Mortgage-backed securities (MBS) is a debt obligation representing claims to the cash flows from bundles of mortgages. Most common on a residential property, most MBS are pass-through securities, which means the principal and interest payments every month pass through the issuer to the investor. Having about $9 trillion outstanding, these securities are one of the largest components of the US bond market.

In the United States, most MBS come from the Federal National Mortgage Association (Fannie Mae), the Federal Home Loan Mortgage Corporation (Freddie Mac), and the Government National Mortgage Association (Ginnie Mae). Others are issued by brokerage firms, banks, home builders, and other private entities.

Securities from Ginnie Mae are considered the safest since the US government backs its financial obligations, full faith and credit.

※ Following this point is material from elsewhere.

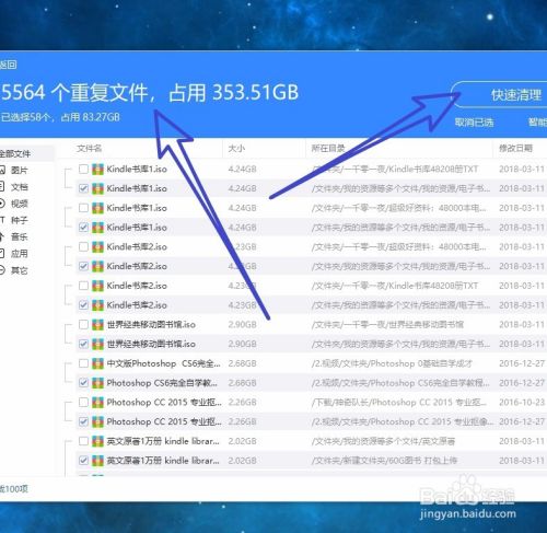 扫描完成之后,就可以看到重复文件的个数,以及所占用的空间,我们点击右上角的快速清理按钮,就可以完成对重复文件的清理了。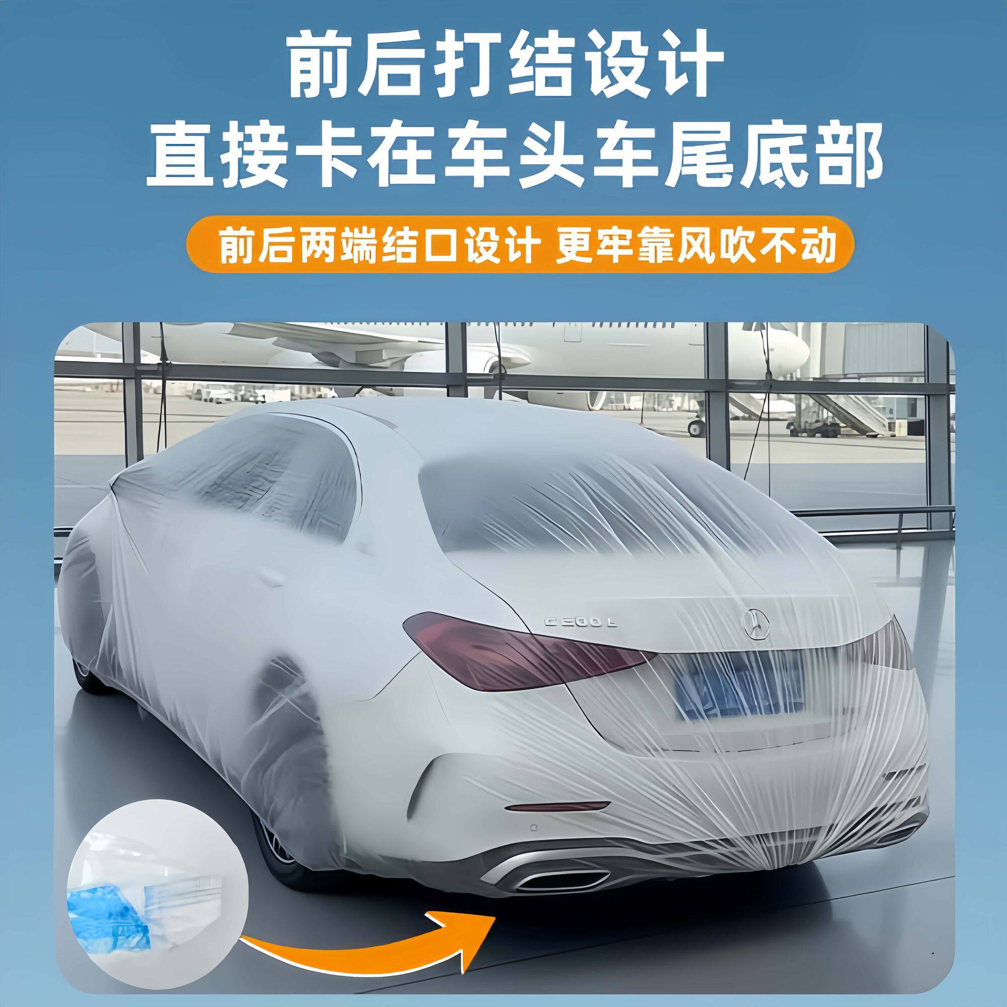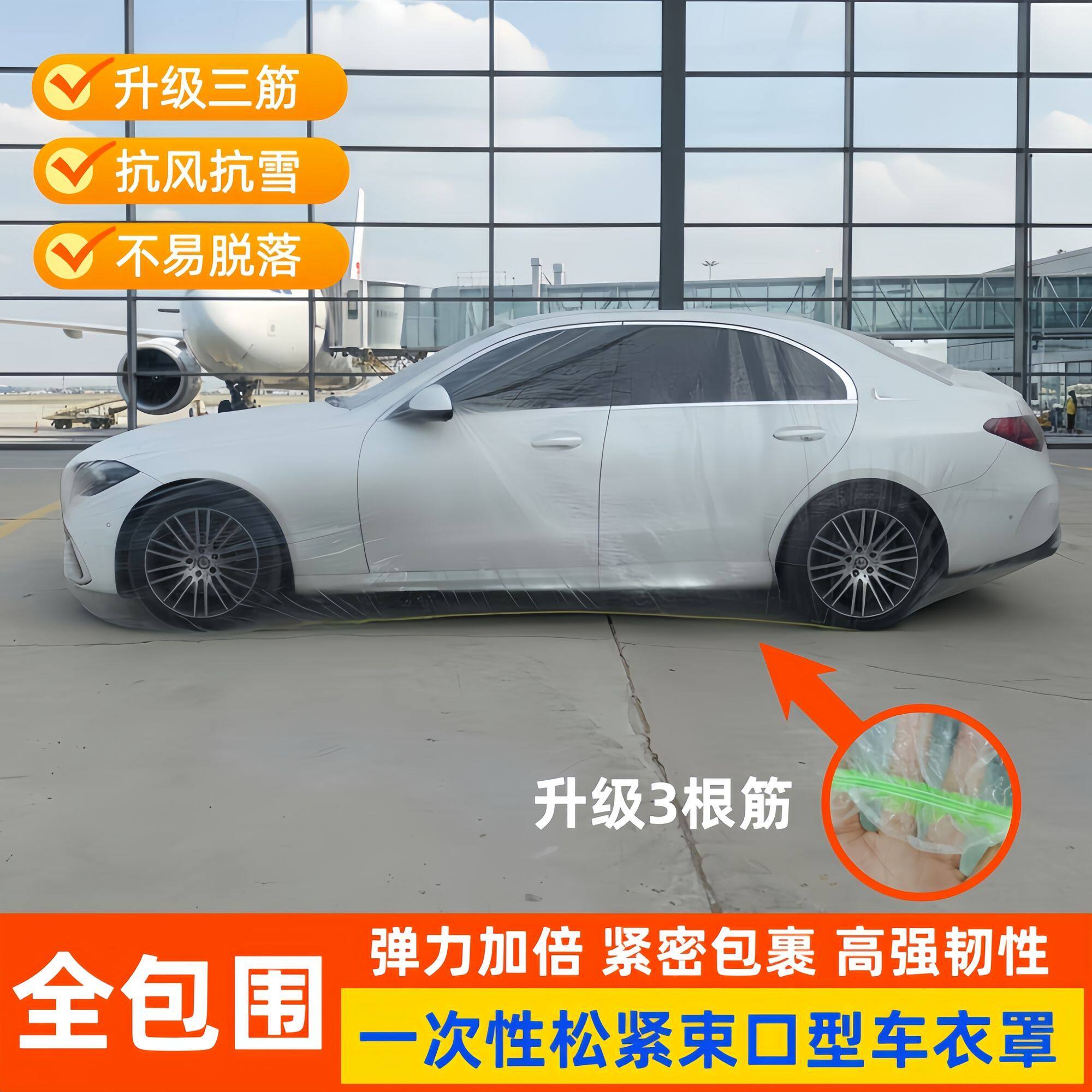 一次性车衣罩松紧束口防尘防雪汽车罩四季通用加厚全包围塑料户外

However, those sold by Fannie Mae and Freddie Mac do not enjoy the same degree of protection because both are not supported by the US government although they possess special authority to borrow from the US Treasury.

Both Fannie Mae and Freddie Mac only securitize traditional loans adhering to its relatively old school guidelines. The federal government insures or guarantees mortgages from Ginnie Mae, including loans from the Federal Housing Administration and Veterans Affairs.

The Financial Crisis in 2008

The creation of MBS completely revolutionized the housing industry, as well as banking and mortgage business. It is a widely held belief home prices won’t plummet – that belief made consumers incorporate home purchase as the foundation of their financial plans.

Also, speculators used this rationale to generate profit from "flipping". Values of houses have dramatically escalated during the early parts of the 21st century. As a result, many people started to stipulate home values won’t only decline, but it would also continue to increase indefinitely.

Unfortunately, that belief was proven otherwise. Between 2006 and 2008, home prices began to plunge. The rates were not seen since the Great Depression. And as the housing market collapsed, several investors who held such instruments sustained huge losses.

Investing in Mortgage-Backed Securities

With ETFs, it is way easier to enter the mortgage-based bond market, which can complement other fixed-income investments. MBS also have a little distinct risk/reward profile compared with other instruments. It can give moderately greater yield, but at the expense of prepayment risk. For instance, an investor decides to purchase a security backed by 30-year mortgages, interest rates can drop and homeowners will seek refinancing. The investor retakes their principal early and needs to reinvest it in securities with a lower yield, making it difficult to determine the actual yield-to-maturity for MBS, which is why they trade at a spread above Treasury yields.

Investing in such securities through an ETF offers certain definite advantages. Normally, purchasing a MBS directly from the issuer will require at least a $10,000 commitment. With exchange-traded funds, a portfolio may be exposed to these securities with a much smaller capital outlay.

But before investing in MBS, do a research about the investment company. An investor may want to know the following: Source of underlying loans, fees charged by the fund, and its weighted average life.